Figure 1 ACT evaluation. ACT evaluations in montelukast treated group in women (A) and in men (B) at the enrollment visit (EV) and at the end of study (ES). (C) Δ ACT (%) in treated women and in men. Results were shown as means ± SEM. The statistical tests used in these analyses were two-way analysis of variance followed by Student’s t-test. *P < 0.05; ***P < 0.001.
Table 2 Data results of FEV1.0, FVC, FeNO, ACT, EOS, and Δ% indicated as mean ± SEM.
Gender Differences in Lung Functions Among Patients Treated With Montelukast Plus Inhaled Corticosteroids
The addition of MS to ICS significantly and persistently enhanced FEV1.0 in asthmatic women, when compared with baseline FEV1.0 (from 77.25 ± 6.79% to 103.88 ± 6.24% p < 0.0077). In contrast, there were no differences in the values of FEV1.0 between baseline and follow-up visit in the asthmatic men group (Figures 2A, B and Table 2). Moreover, asthmatic women had a significantly better mean FVC at end of the study compared with FVC measured at baseline (from 91.95 ± 6.81% to 113.17 ± 4.79% p < 0.0183). This improvement was not observed in the men (Figures 2D, E and Table 2). These results are further confirmed by the evaluation of the Delta Percentage (Δ%) (Figures 2C, F and Table 2).
Figure 2 Forced expiratory volume in the 1st second (FEV1.0) and forced vital capacity (FVC) evaluation. FEV1.0 (%) in montelukast treated in women (A) and in men (B) at the enrollment visit (EV) and at the end of study (ES). (C) Δ FEV1.0 (%) in treated women and in men. FVC (%) in montelukast treated group in women (D) and in men (E) at EV and at ES. (F) Δ FVC (%) in treated women and in men. Results were shown as means ± SEM. The statistical tests used in these analyses were two-way analysis of variance followed by Student’s t-test. *P < 0.05; ***P < 0.001.
Gender Differences in Inflammation Biomarkers Among Patients Treated With Montelukast Plus Inhaled Corticosteroids
The relevant clinical and functional improvements were associated with reduction in blood eosinophils counts in the MS + ICS female group, where a significant decrease in blood eosinophil counts with respect to baseline (form 5.27 ± 0.30 to 3.30 ± 0.31; p < 0.0449, Figures 3A, B and Table 2) was observed. In asthmatic men, MS + ICS did not affect the blood eosinophil counts compared with baseline. Moreover, the Δ eosinophil% was significantly higher in women respect to men (p < 0.001) (Figure 3C and Table 2). The FeNO levels were also measured. FeNO reflects the airway inflammation, as it is mainly produced by inducible nitric oxide synthase, expressed by both bronchial epithelial and some inflammatory cells of asthmatic patients such as alveolar macrophages, neutrophils, and dentritic cells (Sandrini et al., 2003). At the final visit, the FeNO concentration in asthmatic women was significantly lower than the concentration at baseline (baseline: 41.72 ± 4.26 ppb; final visit: 18.18 ± 1.92 ppb; p < 0.001). Men treated with MS + ICS showed smaller differences in FeNO levels than women at baseline vs. 13 weeks visit (baseline: 44.70 ± 7.30 ppb; last visit: 25.20 ± 3.90 ppb; p < 0.0294, Figures 4A, B and Table 2). Furthermore, the FeNO Δ Percentage in men was significantly lower compared with women (Figure 4C and Table 2).

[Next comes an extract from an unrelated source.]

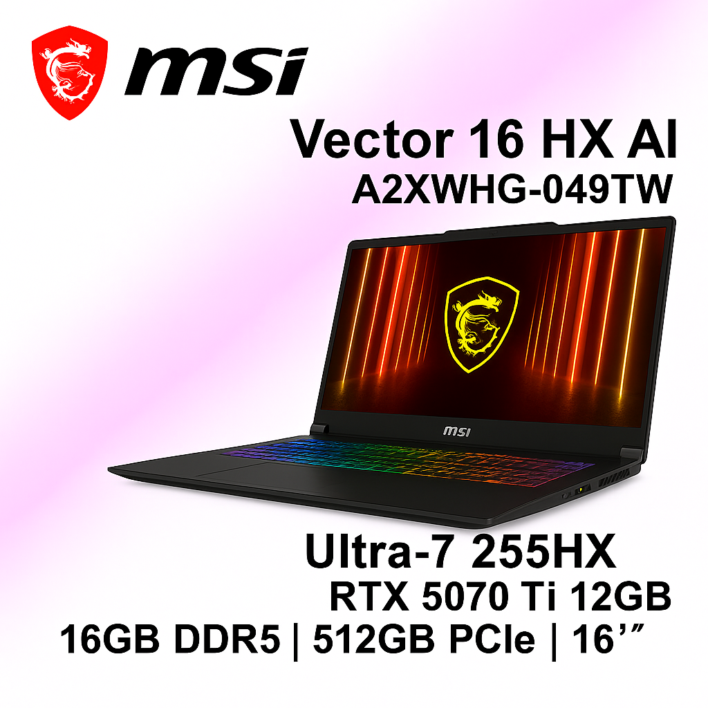 MSI Vector 16 HX AI A2XWHG-049TW 微星滿血版AI電競筆電/Ultra 7-255HX/RTX5070Ti 12G/16GB DDR5/512GB PCIe/16吋 16:10 FHD+ 144Hz/W11/SS單鍵RGB背光電競鍵盤+Copilot Key🎈送保護套/滑鼠墊/鍵盤膜🎈
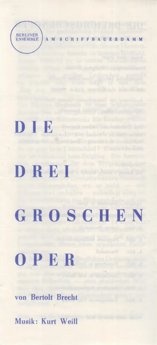 Schlagworte: Theater, Schauspiel, Berliner Ensemble am Schiffbauerdamm, Bertolt Brecht, Kurt Weill

Figure 3 Eosinophils (EOS) levels. EOS (%) in montelukast treated group in women (A) and in men (B) at the enrollment visit (EV) and at the end of study (ES). (C) Δ EOS (%) in treated women and in men. Results were shown as means ± SEM. The statistical tests used in these analyses were two-way analysis of variance followed by Student’s t-test. **P < 0.01; ***P < 0.001.
Figure 4 FeNO levels. FeNO level in montelukast treated group in women (A) and in men (B) at the enrollment visit (EV) and at the end of study (ES). (C) Δ FeNO (%) in treated women and in men. Results were shown as means ± SEM. The statistical tests used in these analyses were two-way analysis of variance followed by Student’s t-test. *P < 0.05; **P < 0.01; ***P < 0.001.
Power Analyses
Results of power analysis are shown in Table 1 of Supplementary Material.
Discussion
This is the first prospective cohort study that documents a higher effectiveness of MS treatment on lung function, symptoms, and readouts of inflammation in asthmatic women compared with men, suggesting a sex-dependent effect of the treatment with MS in asthma.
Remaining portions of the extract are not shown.